Bottom line: Moderate apology required.
How to act: Sheepishly saying,
“Sorry about that guys, it won’t happen again.”
Now you’ve done it, you’ve crossed the line between, “Hmmm, this guy has a bit of a temper” to “Uh oh, this round could be really unpleasant.” But it’s not the end of the world. Almost every golfer you’ll ever play with has crossed into terror alert yellow at some point. You have to generally acknowledge your behavior is not appropriate, and you do that with the sheepish apology. Sheepishness is actually a great trick in this situation, because it shows you are embarrassed at your behavior. But also lends your playing partners to believe that this kind of behavior probably doesn’t happen much. A quick or angry sorry might say, “I do this all the time” and make you look like a politician caught cheating on his wife. The sheepish sorry says that you feel bad, you don’t do this often and it won’t happen again. As with Level 2, try to talk to them afterward about general stuff and move on.
Level 4: Terror alert orange
Includes: Full blown club throw, breaking clubs over knee, throwing putter into water, snarky responses to playing partners, walking ahead of the group in total angry silence, repeated false laughter at yourself, asking leading/trap questions to playing partners such as:
“Have you EVER seen anyone get luck like this!”
Bottom line: Apology required.
How to act: Wait a bit, then apologize. Try and make it heartfelt.
Once you’ve committed an orange level infraction, you really need to let time heal your wounds. Your playing partners ARE going to tell people about this in the clubhouse, and no matter what you say they are going to think you’ve done this before and will do it again. Have you ever watched Criminal Minds? People don’t escalate to Level 4 without committing prior bad acts.
The level 4 clubthrower probably has a sealed juvenile record and started fires as a kid, or maybe not, but you know what I mean.
You don’t start with a level 4. So take some time, then apologize to your playing partners — tell them you are working on it. If you are invited to have a beer after the round, a well-timed joke about needing to buy a new wedge can be appropriate. But mostly, if you ever the chance to play with these guys again, be sure to be on your best behavior. Only time going by without repeat infractions can make people think this was an isolated incident.
Level 5: Terror alert red
Includes: Threatening to fight people, breaking a club in two that ricochets and almost stabs someone, throwing a club through a nearby house’s window, causing serious course damage, unprovoked outbursts at course personnel, throwing the flag like a spear, etc. Generally, acting like Joe Pesci in Goodfellas.
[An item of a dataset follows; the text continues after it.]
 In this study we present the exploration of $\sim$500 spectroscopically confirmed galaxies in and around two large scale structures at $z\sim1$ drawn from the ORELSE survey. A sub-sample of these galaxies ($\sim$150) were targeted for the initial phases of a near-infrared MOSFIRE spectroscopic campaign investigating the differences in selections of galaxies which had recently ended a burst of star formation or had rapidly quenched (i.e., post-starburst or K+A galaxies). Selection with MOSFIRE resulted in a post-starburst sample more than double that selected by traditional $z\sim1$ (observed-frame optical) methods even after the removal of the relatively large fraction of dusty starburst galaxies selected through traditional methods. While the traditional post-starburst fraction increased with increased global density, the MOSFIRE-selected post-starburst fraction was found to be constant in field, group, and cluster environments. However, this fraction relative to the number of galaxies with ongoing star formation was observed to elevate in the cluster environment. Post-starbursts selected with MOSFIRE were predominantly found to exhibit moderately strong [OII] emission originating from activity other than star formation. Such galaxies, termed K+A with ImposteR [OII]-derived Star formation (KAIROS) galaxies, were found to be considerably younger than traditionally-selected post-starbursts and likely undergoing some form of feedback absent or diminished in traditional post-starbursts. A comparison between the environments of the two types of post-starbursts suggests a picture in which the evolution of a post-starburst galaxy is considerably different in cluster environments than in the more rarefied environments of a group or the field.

Bottom Line: Apology? Have your lawyer send a notarized one.
How to act: Find a new course, change your name.
If you’ve committed a Level 5 infraction. Consult a psychologist. That’s your first step. Then if you wish to keep playing golf and have successfully completed therapy, you might want to find a new course and change your name to something nice sounding and non-threatening. Go with Ned Flanders or something like that.
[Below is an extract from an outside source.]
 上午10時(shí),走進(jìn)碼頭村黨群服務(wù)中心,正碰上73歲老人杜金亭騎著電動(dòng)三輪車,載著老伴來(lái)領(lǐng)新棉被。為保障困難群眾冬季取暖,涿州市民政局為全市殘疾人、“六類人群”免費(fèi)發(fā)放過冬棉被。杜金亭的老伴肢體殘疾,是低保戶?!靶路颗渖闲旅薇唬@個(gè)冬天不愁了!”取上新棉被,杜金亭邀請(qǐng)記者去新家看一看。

Nobody is going to suspect Ned Flanders of being the same guy that almost stabbed a guy with a broken shaft while repeatedly asking, “How am I funny? You mean like a clown, like I amuse you?”
So there you have it. Go out and play golf, and don’t be afraid to make a little sacrifice to the golf gods here and there. Just know how to apologize, know when to draw the line and know how to get over it quickly. You’ll be OK. Follow the above guidelines and you’ll have no problem continually getting a game.